CoStar deflects reporting criticism from activist investors

CoStar responded Wednesday by calling the allegations “grossly misleading” and questioned DE Shaw’s motives, noting that the investor held a large stake in a direct competitor.
“If DE Shaw is concerned about visibility, it should start with itself,” the company said. “DE Shaw has never disclosed its economic exposure to CoStar Group, even though it is a long-term investor.”
CoStar provided more details on why it believes DE Shaw’s campaign may be motivated by a conflict of interest – highlighting the hedge fund’s investments in CoStar’s competitors.
“The public filing suggests that DE Shaw owns just 0.22% of CoStar Group’s common stock, but nearly 4 times as many of CoStar Group’s competitors would directly benefit from DE Shaw’s push to divest Homes.com and end the industry’s fastest-growing real estate platform,” the company said.
The site of the debate
The dispute stems from CoStar’s large investment in Homes.com and whether it creates or hinders long-term value and shareholder wealth.
DE Shaw estimates that CoStar will have spent more than $3 billion on Homes.com by the end of 2026.
The company also accused management of withholding disclosure of key performance metrics – such as new Homes.com bookings.
“During a recent earnings call, when analysts asked for new segment-level booking information, management declined to provide the information,” DE Shaw’s letter said. “Investors took notice: these confusing moves contributed to a 9 percent drop in the Company’s stock price the next day – destroying nearly $2 billion in shareholder value.”

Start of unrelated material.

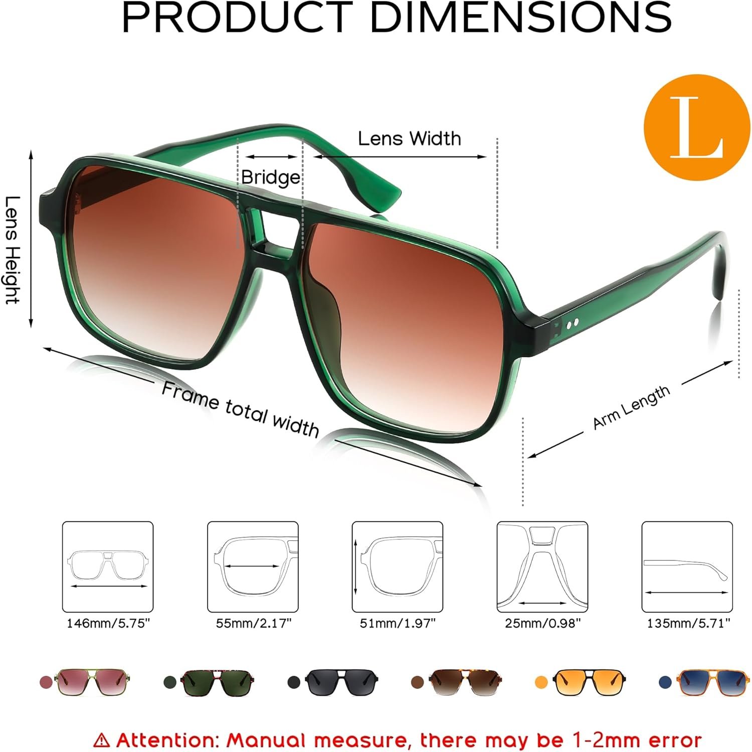 Introducing the Green Oversized Square Sunglasses featuring a stylish brown gradient lens. These sunglasses are designed to make a bold fashion statement while providing optimal sun protection. The oversized square frame offers a contemporary look that enhances any outfit, whether you’re dressing up for a special occasion or enjoying a casual day out. Crafted with high-quality materials, these sunglasses are not only durable but also lightweight, ensuring comfort during extended wear. The brown gradient lenses not only add a touch of sophistication but also effectively reduce glare and provide excellent visibility in bright conditions. Ideal for fashion-forward individuals, these sunglasses combine functionality with a chic aesthetic, making them a must-have accessory for your collection. Elevate your eyewear game with the Green Oversized Square Sunglasses and enjoy both style and comfort every time you step outside.

CoStar defended its reporting practices on Tuesday – saying segment disclosures had been redirected from land-based segments to products to better reflect operating structure.
“Our new segment disclosure provides additional transparency by providing audited revenue, EBITDA, Adjusted EBITDA and margin disclosures for both the Residential and Commercial segments in our latest 10-K, as well as continuing to provide disaggregated income disclosures,” the company said. “Investors should expect the same Homes.com disclosures through our earnings calls that CoStar Group regularly provides to shareholders.”
CoStar Q4, full-year revenue decline
During the aforementioned Q4 earnings call, CoStar Group CEO Andy Florance highlighted growth across the Homes.com network.
The platform logged more than 2.1 billion visits and had 100 million unique visitors by 2025, according to Comscore, with January organic traffic up 134% year over year.
“We feel we have achieved a good balance between SEM, SEO and direct traffic,” said Florence. “This allows us to make SEM about quality traffic and leads, not just pure quantity.”
Florence added that engagement improved – with session time increasing to around four minutes and 30 seconds and the bounce rate dropping from 63% in January 2025 to 41% in January 2026.
Lead volume was up 48% year-over-year in January, with Homes.com affiliate earnings up 187%.
Despite Homes.com’s improved metrics, CoStar’s net revenue fell from $60 million last year to $47 million in Q4 2025.
For the full year, as revenue rose 19% year over year to $3.25 billion, revenue fell to $7 million from $139 million in 2024.
CoStar argued that abandoning Homes.com’s current strategy would cause “irreparable harm” to its position and investors.